В другом письме он напрямик пишет: «Я такой же невежда, каким был в начале, чего мне нисколько не стыдно. Лишь бы я съел свой хлеб и я буду очень доволен собою».

Еще бесцеремоннее объяснялся подраставший великий князь со своим наставником в письме, относящемся к 1791 году. В этом письме он заявлял: «В двенадцать лет я ничего не знаю, не умею даже читать. Быть грубым, невежливым, дерзким — вот к чему я стремлюсь. Знание мое и прилежание достойны армейского барабанщика. Словом, из меня ничего не выйдет во всю мою жизнь».

Надобно, впрочем, заметить, что такая неутешительная для Лагарпа переписка перемежалась порою выражением покорности Константина, просьбами об извинении, о прощении, о дозволении присутствовать на уроках, обещанием исправиться, но вслед за тем Лагарп получал письма совершенно в ином тоне (Сборник Императорского Российского Исторического Общества).

Ничего нет странного, что Лагарп, получая подобные цидулки от своего питомца, приходил в отчаяние. Зато впоследствии великий князь, войдя опять в переписку со своим бывшим наставником, утешил его не только выражением глубокой почтительности и привязанности, но и многими дельными суждениями.

11(22) марта 1790 года он писал Лагарпу, что стал читать книги по военной части, но и в этом письме проявилась его обычная бесцеремонная откровенность. Под письмом он весьма своеобразно подписался «l’ane Constantin»[8], a в приписке к этому письму, говоря о себе самом, шутливо добавил некоторые резкие выражения.

ГЛАВА V править

Хлопоты о женитьбе великого князя Константина Павловича. — Выборы невесты. — Приезд в Петербург принцесс Саксен-Кобургских. — Помолвка Константина Павловича с принцессой Юлианой-Генриеттой-Ульрикой. — Принятие ею православия с именем Анны Федоровны. — Бракосочетание

Желая упрочить наследование русского императорского престола в нисходящих поколениях своего потомства, Екатерина II весьма рано озабочивалась отысканием невесты для цесаревича Павла Петровича и женила его на 19-м году от рождения. В тех же самых видах императрица желала обвенчать и своих внуков в раннем возрасте. Великий князь Александр Павлович вступил в брак с великою княжною Елизаветою Алексеевною в 1793 году, не достигнув еще полных шестнадцати лет от роду. После его брака очередь была за Константином. Ему не было еще четырнадцати лет, когда возникло первое предположение об его женитьбе.

В бумагах Екатерины, относящихся к 1793 году, найдена одна черновая рукопись императрицы.
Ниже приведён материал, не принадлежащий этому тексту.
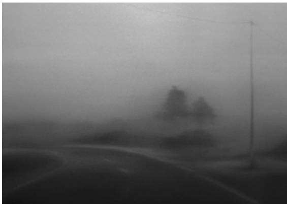
Donación para la AEPE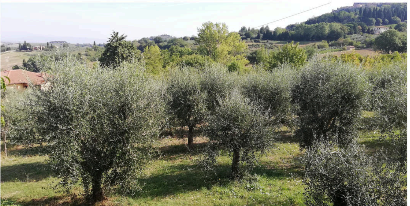
Foto n. 2 - Vista oliveto - Comune di Montepulciano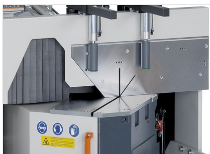
Diagram cięcia DG 105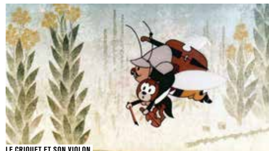
LE CRIQUET ET SON VIOLON

TCHÉC. / ANIM. 1978 COUL. 35MIN (VIDÉO) VOIR P.34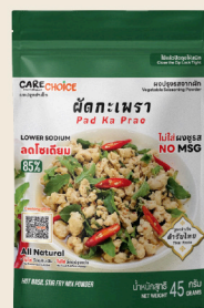
ผัดกะเพรา Pad Ka Pao Hot Basil Stir Fry Mix Recipe 45 39 กรัม / g บาท / THB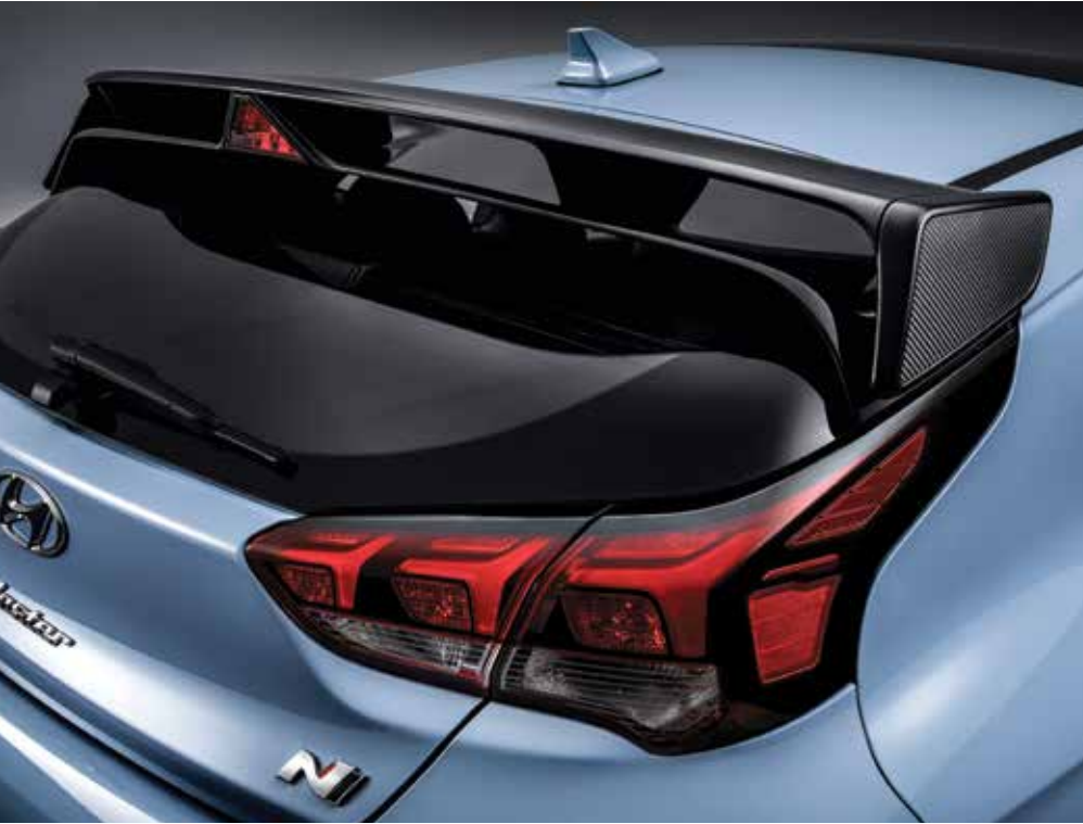
윙타입 리어 스포일러 윙타입 리어 스포일러를 적용하여 고성능 핫해치의 공력성능을 향상시켰으며, 리어 스포일러 중앙에 보조제동등을 적용하여 안전한 드라이빙을 돕습니다.

Рукопись эта, по всей вероятности, была проектом дипломатической ноты.

«Из письма графа Разумского, — говорится в этой рукописи, — следует заключить, что неаполитанскому двору пришла охота весьма некстати наградить нас одним из своих уродцев (petits monstres). Я говорю уродцев, потому что все дети их дряблые, подвержены падучей болезни, безобразные и плохо воспитанные. Этот двор не дождался ответа на свой первый зазыв через графа Скавронского и вот снова посланник, маркиз Галль, убедил графа Разумовского сделать мне это предложение, весьма хорошее и полезное и будто им самим придуманное».

Для объяснения этих строк надо заметить, что в ту пору, когда возникло это предложение, в Неаполе царствовали Бурбоны в лице короля Фердинанда IV, женатого на дочери императрицы Марии-Терезии, эрцгерцогине Каролине-Марии, известной своим развратом и своими жестокостями. Эта королевская чета и задумала пристроить одну из своих дочерей за Константина Павловича. Переговоры по этому делу повел первоначально, по желанию королевы, но безуспешно, граф Мартын Павлович Скавровский, бывший русским посланником в Неаполе и умерший там в ноябре 1793 года. Королева Каролина, потерпев таким образом неудачу, возобновила сватовство косвенным путем в Вене, через графа Андрея Кирилловича Разумовского, бывшего там в то время русским послом. Перед назначением же в Вену Разумовский находился на такой же должности в Неаполе и был фаворитом королевы. По старой к ней приязни он принялся усердно хлопотать о браке одной из ее дочерей с Константином Павловичем, сославшись на то, что такое предложение сделано ему маркизом Галлем, неаполитанским посланником в Вене. Предложение это обусловливалось, однако, со стороны неаполитанского двора тем, чтобы Константин до вступления в брак с неаполитанскою принцессою был объявлен независимым государем, получив для себя удел из владений русской империи.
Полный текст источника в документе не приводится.